Ellen LaFleche & Jennifer Militello

Thursday, February 2, 2012, at 7:00 pm, poets Ellen LaFleche and Jennifer Militello will continue the fifth season of the Collected Poets Series. Mocha Maya’s Coffee House, 47 Bridge St, Shelburne Falls, MA. ($2-5 suggested donation)

Ellen LaFleche

Ellen LaFleche’s manuscript, Workers’ Rites, won the Philbrick Poetry Prize and was recently published by the Providence Athenaeum. Her chapbook, Ovarian, was published in 2010. She has poems in Many Mountains Moving, Harpur Palate, New Millennium Writings, and Naugatuck River Review, among many others.

Jennifer Militello

Jennifer Militello’s first collection, Flinch of Song, won the Tupelo Press First Book Award, and her second collection, Body Thesaurus, was named a finalist for the Alice Fay di Castagnola Award by Marilyn Hacker and is forthcoming from Tupelo Press. She is also author of the chapbook Anchor Chain, Open Sail.

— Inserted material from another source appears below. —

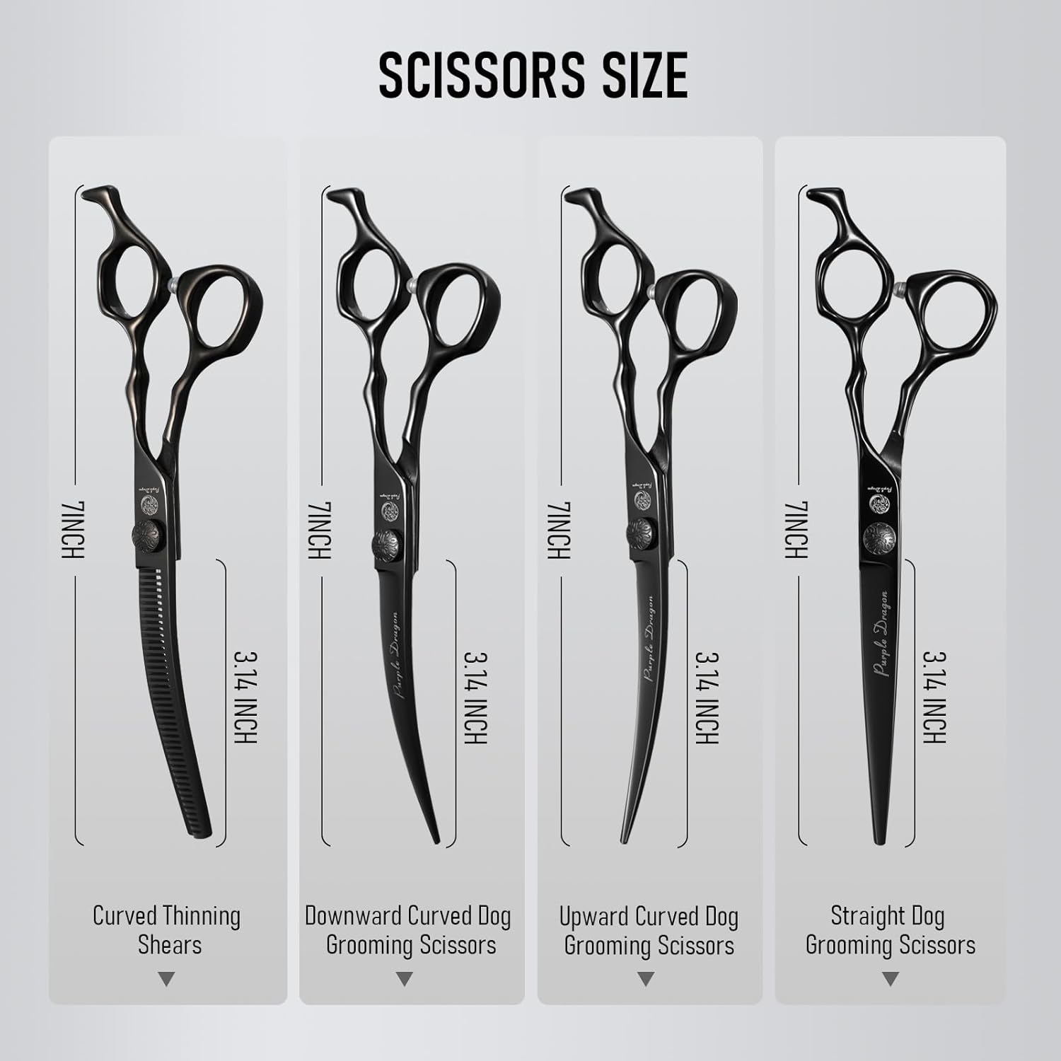 Purple Dragon Dog Grooming Scissors Set - Curved Thinning, Straight, Up & Down Curved Scissors and Comb, 7 Inch Black Shears with Adjustable Screw for Dogs and Cats

Militello has been published widely in such journals as The Kenyon Review, The New Republic, The North American Review, The Paris Review, Ploughshares, and The Virginia Quarterly Review, and anthologized in Best New Poets 2008. Her work has been awarded the Ruskin Art Club Poetry Award from Red Hen Press and the 49th Parallel Award from Bellingham Review in addition to grants and fellowships from the New Hampshire State Council on the Arts, the Barbara Deming Memorial Fund, Writers at Work, and the Millay Colony for the Arts.

She has taught at Brown University, The Rhode Island School of Design, and The University of Massachusetts Lowell, and is director of the creative writing program at River Valley Community College. She lives in Goffstown, New Hampshire.

*

DYEING THE CHILD / Ellen LaFleche

Last week
the river behind the mill ran silver,
a stream of liquid sterling.

Today the water flows dull
yellow.  The currents scud against the rocks,
a foamy scrim like turnips being boiled.

The sign says DANGER: NO SWIMMING
but Laura stands on the bank in a thrift-shop bikini.

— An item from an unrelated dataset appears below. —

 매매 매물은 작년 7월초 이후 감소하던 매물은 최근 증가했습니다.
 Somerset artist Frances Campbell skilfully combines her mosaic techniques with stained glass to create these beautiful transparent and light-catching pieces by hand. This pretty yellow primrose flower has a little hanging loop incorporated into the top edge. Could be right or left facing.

Her lover doesn’t want the child
she is carrying.  Be reasonable, Laura. 
You know what you have to do.

Her belly is sleek:
only eight weeks gone.   Laura slips
into the tepid dye bath.

She opens her eyes underwater.
There is no life here
but her own.  Her hair undulates, slow
and witchy as pond weeds.

Laura swims through the jaundiced
bones of a willow tree.

When she climbs out,
fingers scrabbling against the bank,
her limbs glows gold in the sun.

Laura leaves footprints on the sidewalk,
a yellow-brick road toward home.

(Originally published in Naugatuck River Review. Used by permission of the poet.)

*

SELF-PORTRAIT AS SOMEONE ELSE / Jennifer Militello

She is the parlor that collects smoke’s lacing,
its breakfront filled with the cut-glass sound

of a key turning. She has the impatient strength
of fishermen, with things kept out

and other things kept in. She is allergic
to natural light. She keeps her choir disguised

as a set of criminals; she gathers angry bouquets
to bring when she calls. She carries sections

of smoldering rope for the African herdsmen
of her intimate dreams. She collects viceroy

when she should imagine rain. Her name is the train
that leaves tonight for an imagined destination.

(from Flinch of Song, ©2009 Jennifer Militello. Used by permission of Tupelo Press.)